Data Centre Magazine January 2026 | Page 121

TECH & AI
CREDIT: GOOGLE

Google’ s application of machine learning to data centre operations represents the industry’ s most visible and impactful deployment.

Beginning in 2016, DeepMind’ s neural networks were deployed across Google’ s global data centre fleet to optimise cooling systems, achieving a 40 % reduction in cooling energy consumption and 15 % improvement in overall power usage effectiveness( PUE).
The system processes thousands of sensor measurements every minute, including temperatures, power consumption, and equipment settings across vast facilities.
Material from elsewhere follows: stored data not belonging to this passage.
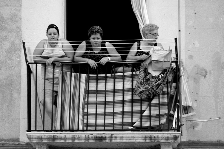 Nonna , mamma e nipote a guardare la gente che passa e mi pare di intravedere il papà seduto davanti alla tv!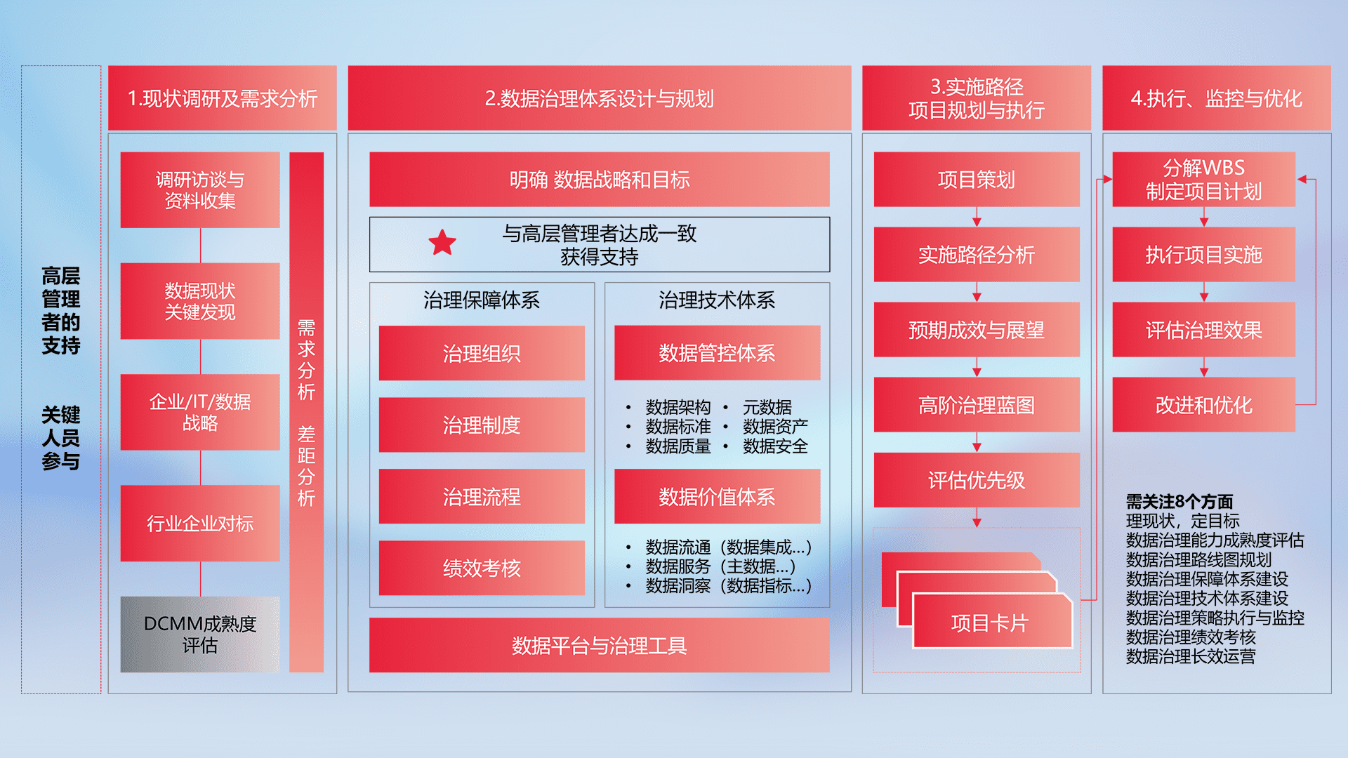 制定并执行统一的数据标准,,规范数据定义和格式,,,消除冗余和不一致性,,实现跨部门和跨系统的数据一致性,,,,为企业提供标准化的数据基础。。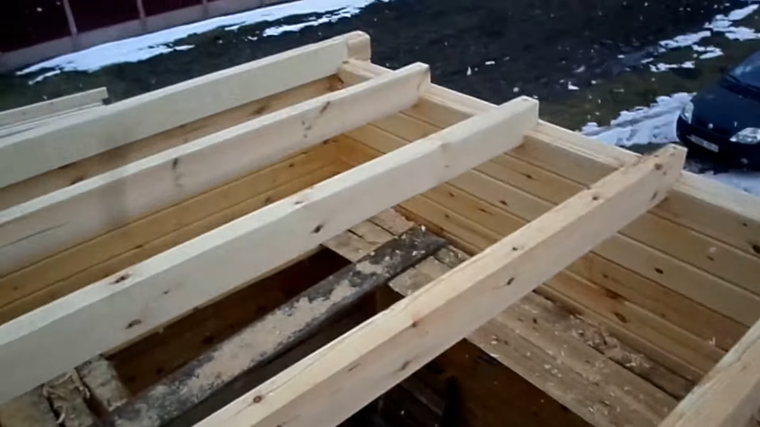 - К балкам либо крепим черепные бруски 50х50 см, на которые укладываем черновой настил из досок, либо обустраиваем простой накат из деревянных плит. Он должен быть достаточно прочным, чтобы выдерживать массу утеплителя без деформаций.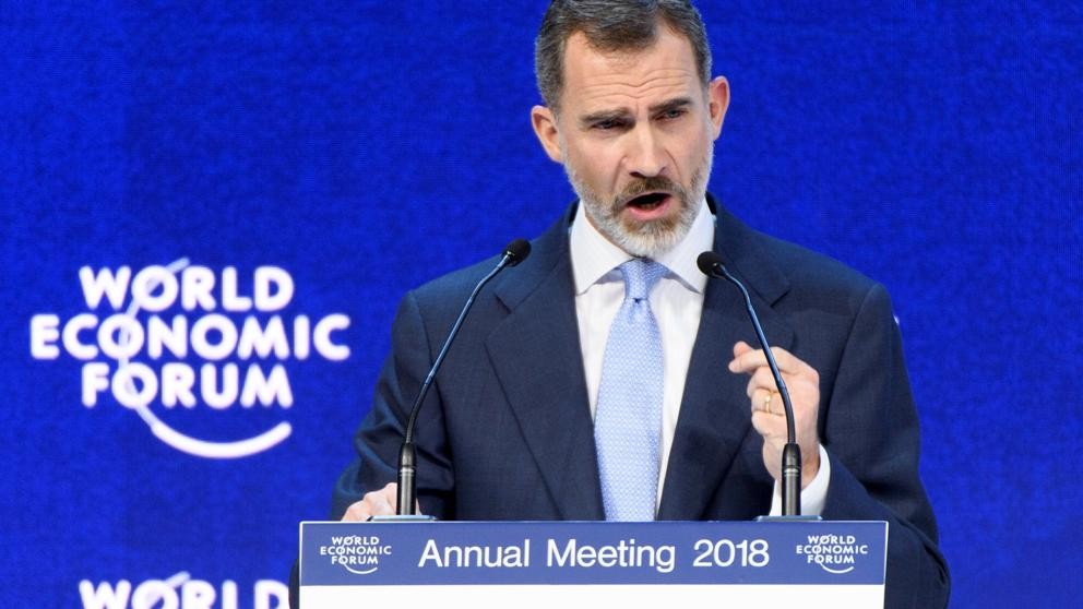 FORO DE DAVOS 2018:El monarca advierte de que el bienestar y el progreso no se lograrán con “aislamiento o división”. Felipe VI también ha destacado las virtudes de España como destino de inversión.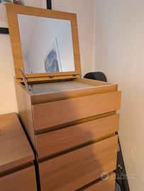 vendo due cassettoni, un settimanale, due comodini Ikea Malm, colore legno.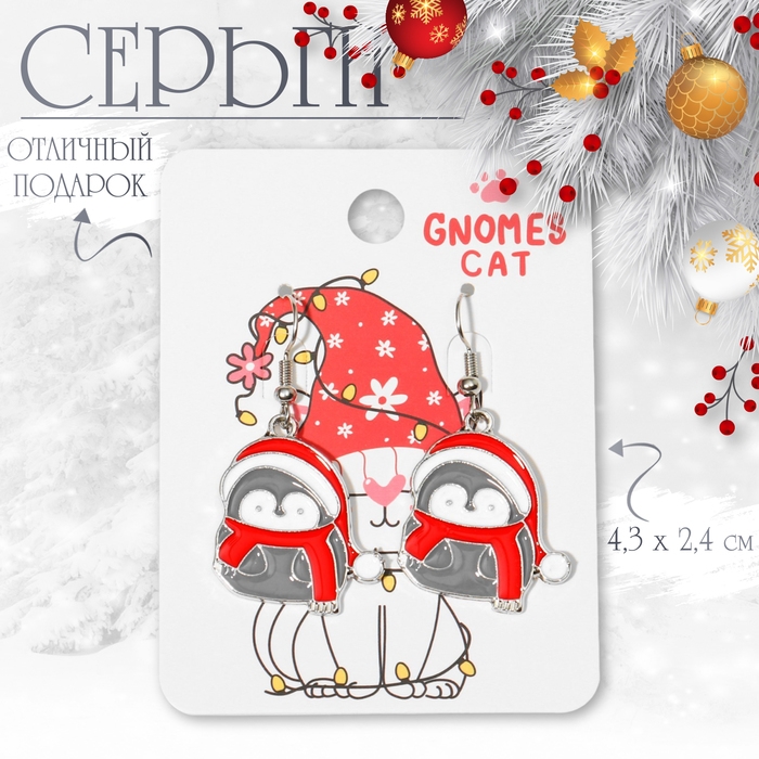Новый год! Серьги «Новогодние» пингвин в колпаке, цветные в серебре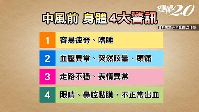 江坤俊醫師表示,不是每一個快中風的人都會手腳沒力或癱掉,有時患者可能只是走路稍微搖搖晃晃,像小碎步一樣,走路有點飄飄的,也要警覺。若是老年人的步態突然變化,並伴隨半側臉部或肢體無力、麻木或偏癱,就要嚴重懷疑是腦血栓的信號。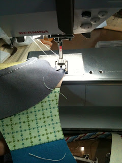 once the corner pieces are done, I pressed them flat, and sewed a corner piece to each center piece, again, convex on top of concave.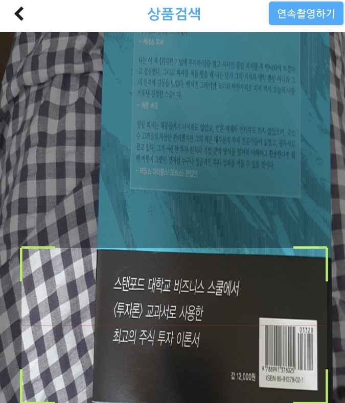 바코드 스캔 화면이 뜨면 책의 바코드를 스캔합니다.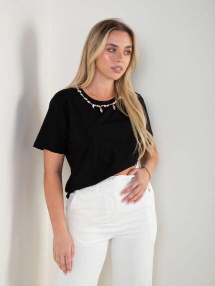 T-shirt manga curta com aplicações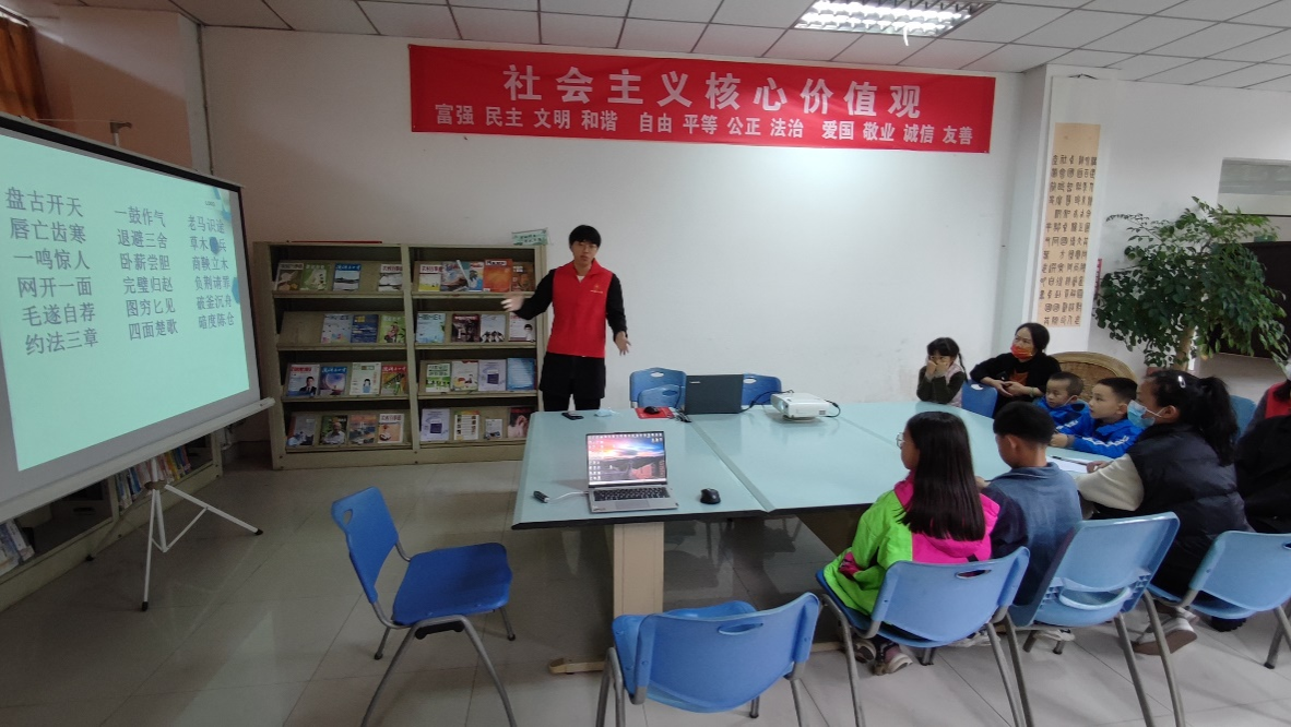 下午14:00时,志愿者们集合前往雅安市图书馆,抵达图书馆后,进行准备工作的进行,“爱阅读会生活”主题活动于14:30准时开始。由于疫情开放的原因,参与此次活动的小朋友比以往较多。活动开始,志愿者先为小朋友们从国家、社会和个人层面解释了社会主义核心价值观,小朋友们聚精会神地听着讲解,并进行了现场背诵;随后,志愿者开始为小朋友们开展有关历史的分享会,分享会的内容和形式多种多样,有中华民族上下五千年各朝代的简介以及各朝代的优秀故事和英雄人物讲解,并有有趣的小游戏穿插其中,如根据成语猜人物,根据成语讲故事等,并邀请小朋友上台分享自己所知道的历史故事和观看历史动画。最后,志愿者跟随图书馆老师的脚步,将小朋友们带去了红色展览馆,参观了历史红色遗址的相片,同时也给小朋友们讲了革命家李大钊和优秀党员雷锋的故事。至此,此次活动结束,小朋友们带着今天学习的知识跟随家长开心地回家,志愿者们也对会场进行了仔细地整理和清洁。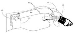 FIG. 4E is a perspective view illustrating a loop formed by a signal cable circling around a first identification band affixed at the finger, and a loop formed by the signal cable circling around a second identification band affixed at the wrist.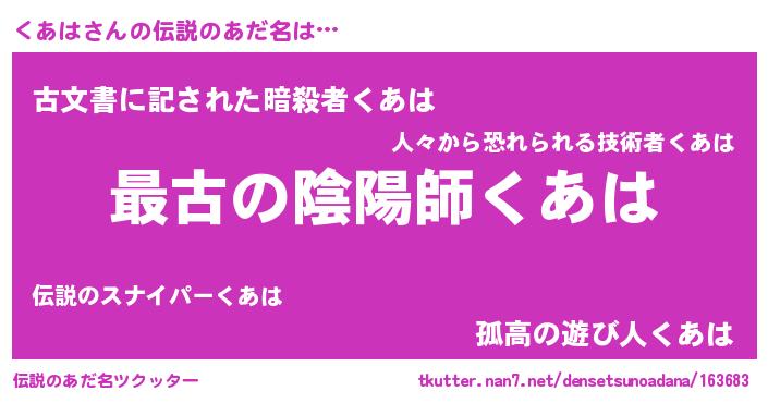 | 意味不明あだ名 | 『くあはフォーエバー』『永久保存くあは』 |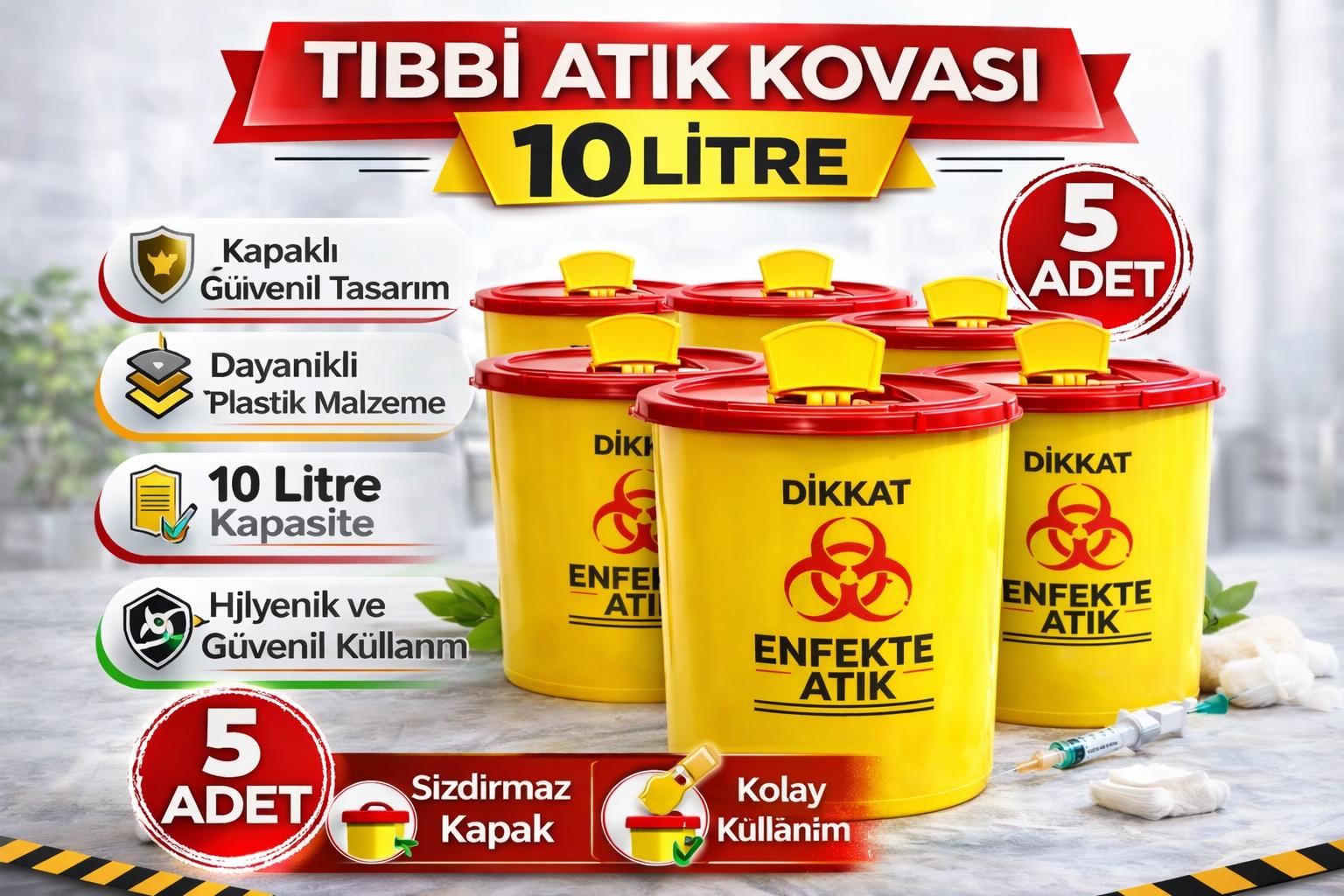 Tıbbi Atık Kovası 10 Litre 5 Adet Kapaklı Tıbbi Atık Kutusu Enfekte Atık Kovası Seti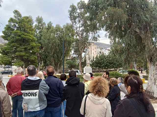Στην αρχή, σύντομο χαιρετισμό απεύθυνε ο Αλέξανδρος Μπουγάς, Γραμματέας της Τομεακής Οργάνωσης Ανατολικών Συνοικιών της ΚΟΑ του ΚΚΕ, ενώ την ξενάγηση ανέλαβε ο Σπύρος Παπανικολάου, Γραμματέας της ΚΟΒ Κέντρου Ηλιούπολης.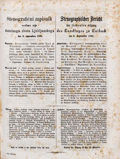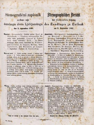 Original title: Stenografični zapisnik sedme seje deželnega zbora Ljubljanskega dne 3. septembra 1868. leta / Stenographischer Bericht der siebten Sitzung des Landtages zu Laibach am 3. September 1868

Rather than relying on fixed rules, the ML models learn optimal control strategies through reinforcement learning, continuously adapting to changing conditions and workload patterns.
What distinguishes Google’ s approach is the scale of deployment and continuous refinement. The models have been trained on years of operational data, enabling predictions across diverse weather conditions, equipment configurations and workload profiles. The system now makes recommendations that human operators review and implement, with plans for increased automation.
Beyond cooling optimisation, Google has expanded ML applications to power infrastructure management, server utilisation forecasting, and network traffic engineering.
The company’ s open sharing of research findings has accelerated industry adoption, though replicating results requires significant data science expertise and infrastructure investment.
Google’ s work demonstrates ML’ s potential to transform data centre economics, proving that substantial efficiency gains remain achievable even in highly optimised facilities.